■ Entries provided:
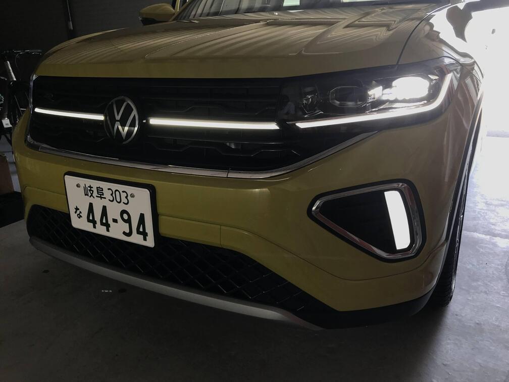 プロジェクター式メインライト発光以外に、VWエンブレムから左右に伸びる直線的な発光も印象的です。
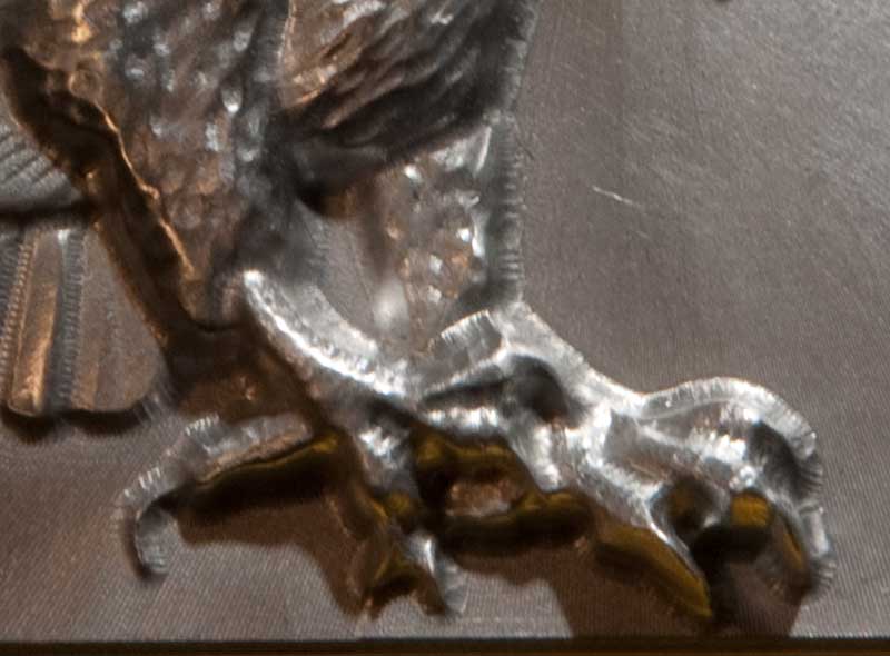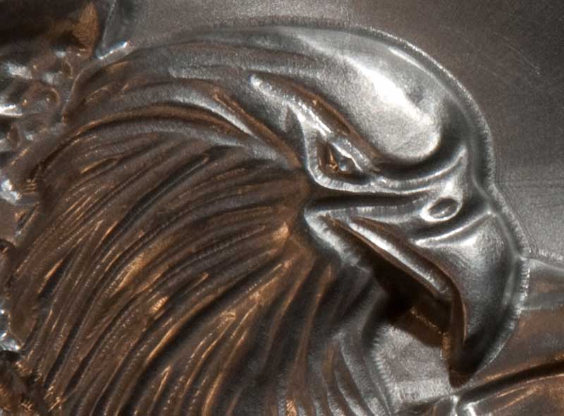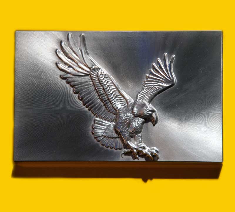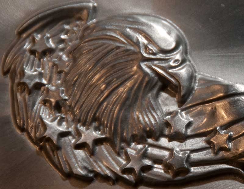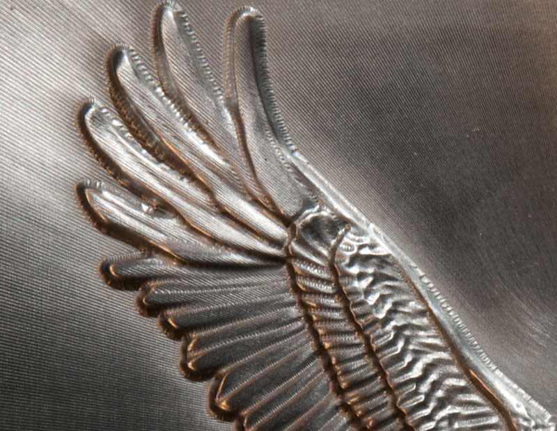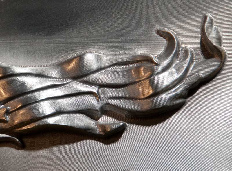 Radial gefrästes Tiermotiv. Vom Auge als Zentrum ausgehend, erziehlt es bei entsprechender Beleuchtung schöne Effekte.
---
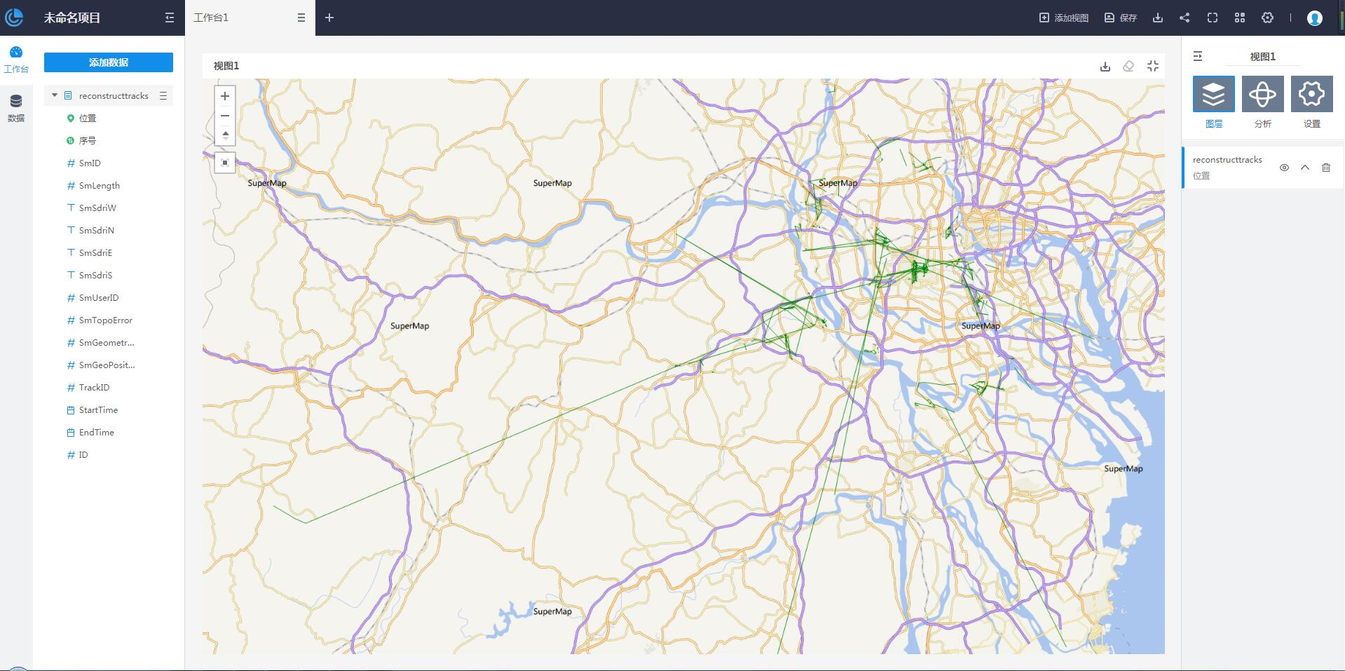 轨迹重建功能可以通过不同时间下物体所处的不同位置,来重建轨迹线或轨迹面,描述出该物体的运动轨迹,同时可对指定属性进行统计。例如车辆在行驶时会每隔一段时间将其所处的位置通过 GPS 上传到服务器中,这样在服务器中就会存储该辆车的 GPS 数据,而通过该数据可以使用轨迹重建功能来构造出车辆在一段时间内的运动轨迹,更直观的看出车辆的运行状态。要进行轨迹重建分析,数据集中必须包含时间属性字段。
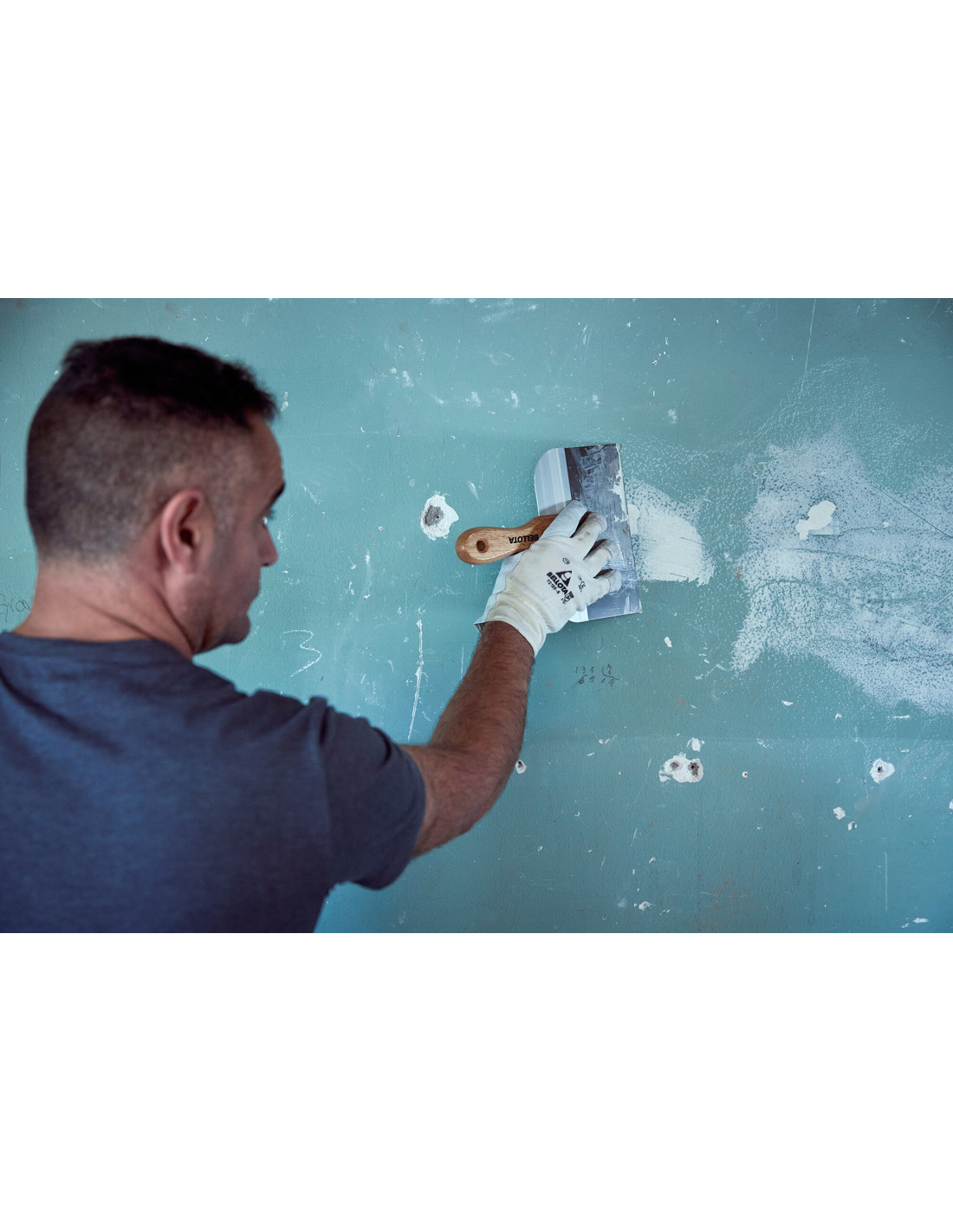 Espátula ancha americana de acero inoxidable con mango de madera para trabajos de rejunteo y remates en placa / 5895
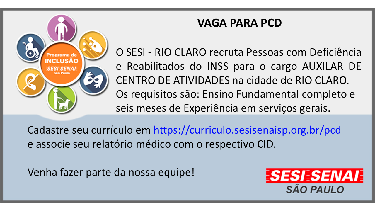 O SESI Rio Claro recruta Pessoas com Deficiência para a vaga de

■ What needs to be done: Look above for the line containing "プロジェクター式メインライト", then write out every line from there down to the line containing "Radial gefrästes Tiermotiv.", that line included, with no pictures.

■ Solved problem:
 プロジェクター式メインライト発光以外に、VWエンブレムから左右に伸びる直線的な発光も印象的です。
 Radial gefrästes Tiermotiv. Vom Auge als Zentrum ausgehend, erziehlt es bei entsprechender Beleuchtung schöne Effekte.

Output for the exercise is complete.